Clusella-Trullas, S. et al. 2007. Thermal melanism in ectotherms. - J. Therm. Biol. 32: 235–245.

Gates, D. M. 1980. Biophysical Ecology. - Springer.

Gibert, P. et al. 1998. Light body pigmentation in Indian Drosophila melanogaster: A likely adaptation to a hot and arid climate. - J. Genet. 77: 13–20.

Kalmus, H. 1941. Physiology and ecology of cuticle colour in insects. - Nature 148: 428–431.

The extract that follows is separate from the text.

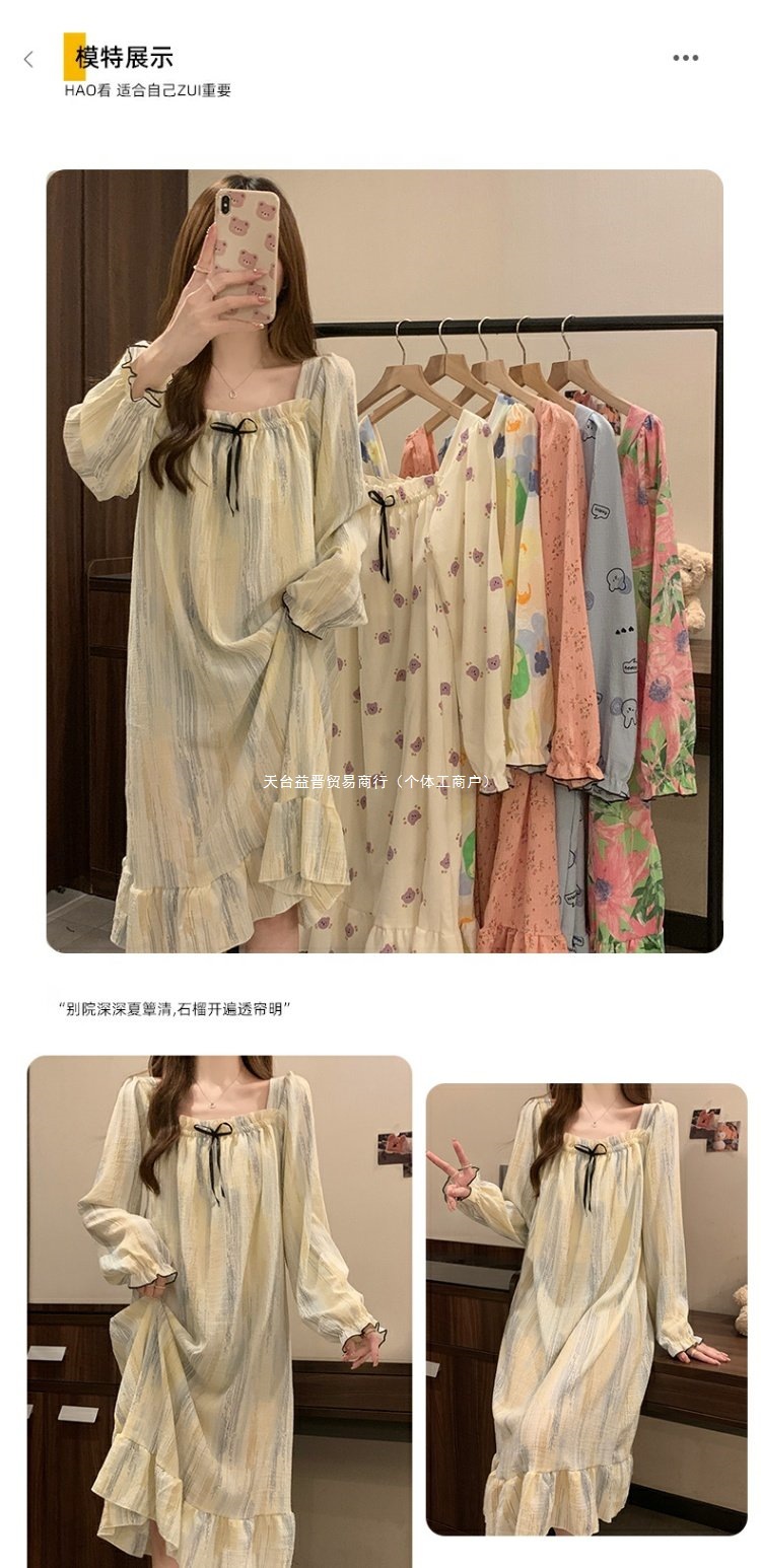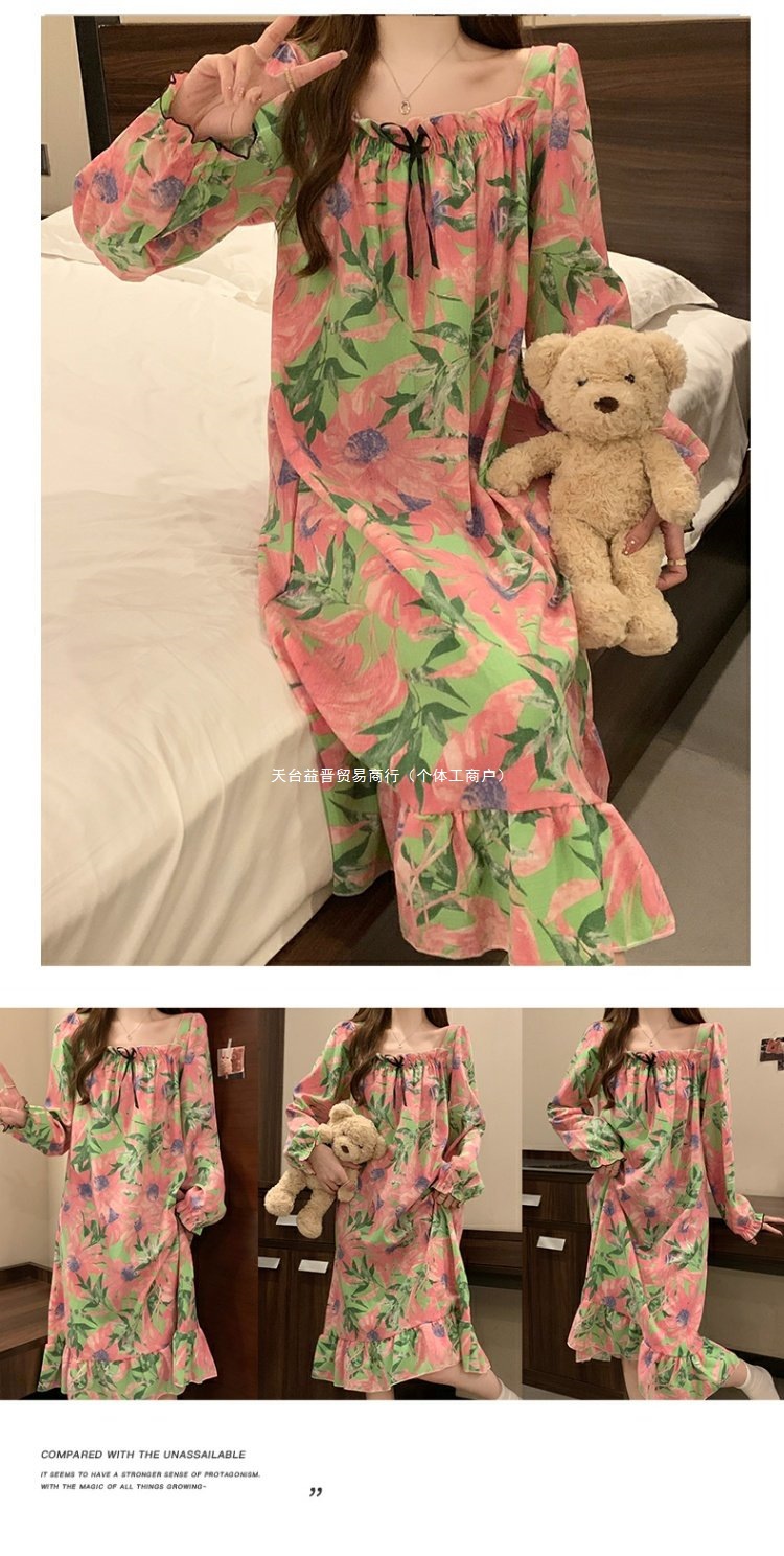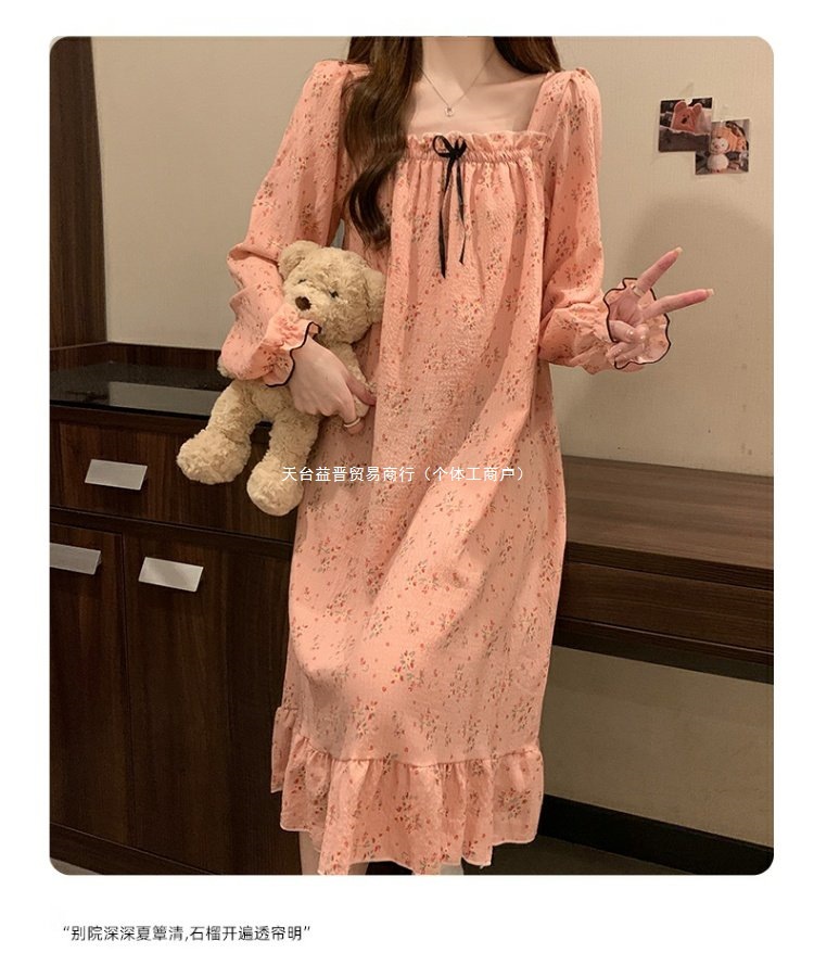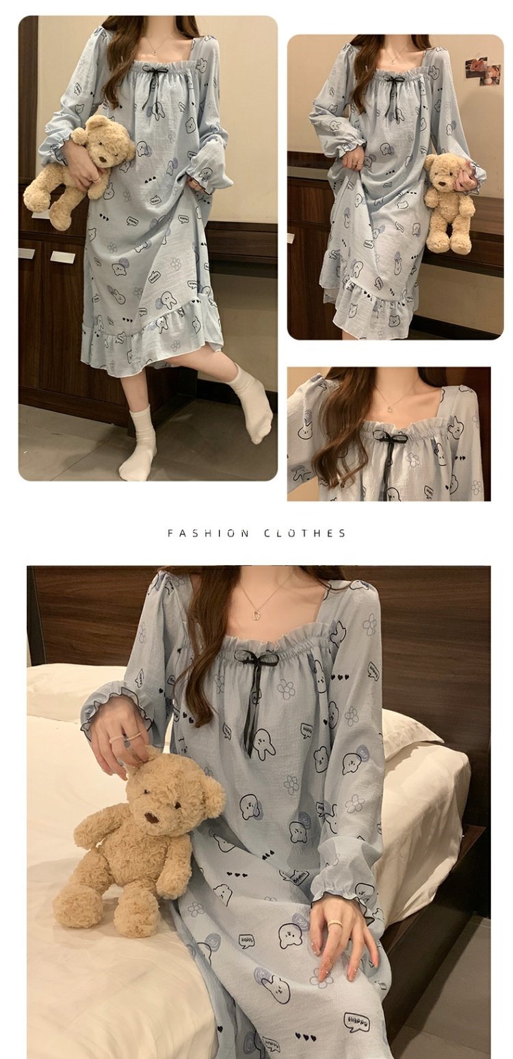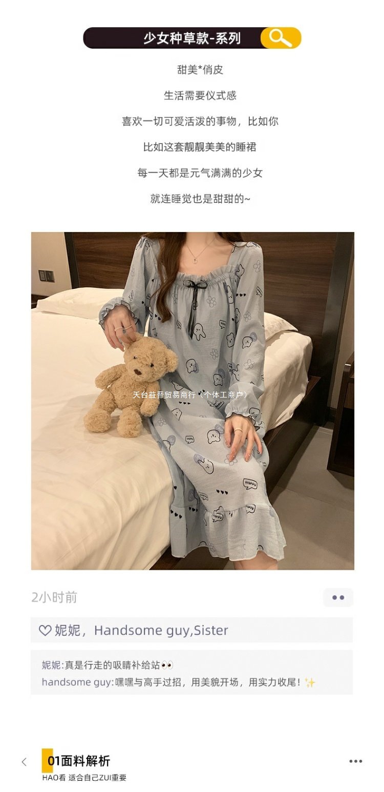Ночная рубашка в стиле принцессы, пижамы для женщин из чистого хлопка, весенне-осенняя одежда с длинными рукавами и нагрудными подушечками, милая полосатая домашняя одежда средней длины

May, M. L. 1976. Thermoregulation and adaptation to temperature in dragonflies (Odonata: Anisoptera). - Ecol. Monogr. 46: 1–32.

Roulin, A. 2014. Melanin-based colour polymorphism responding to climate change. - Glob. Change Biol. 20: 3344–3350.

Schweiger, A. H. and Beierkuhnlein, C. 2015. Size dependency in colour patterns of Western Palearctic carabids. - Ecography: 39: 846–857.

Zeuss, D. et al. 2014. Global warming favours light-coloured insects in Europe. - Nat. Comm. 5: 4847.

Watt, W. B. 1968. Adaptive significance of pigment polymorphisms in Colias butterflies. I. Variation of melanin pigment in relation to thermoregulation. - Evolution 22: 437–458.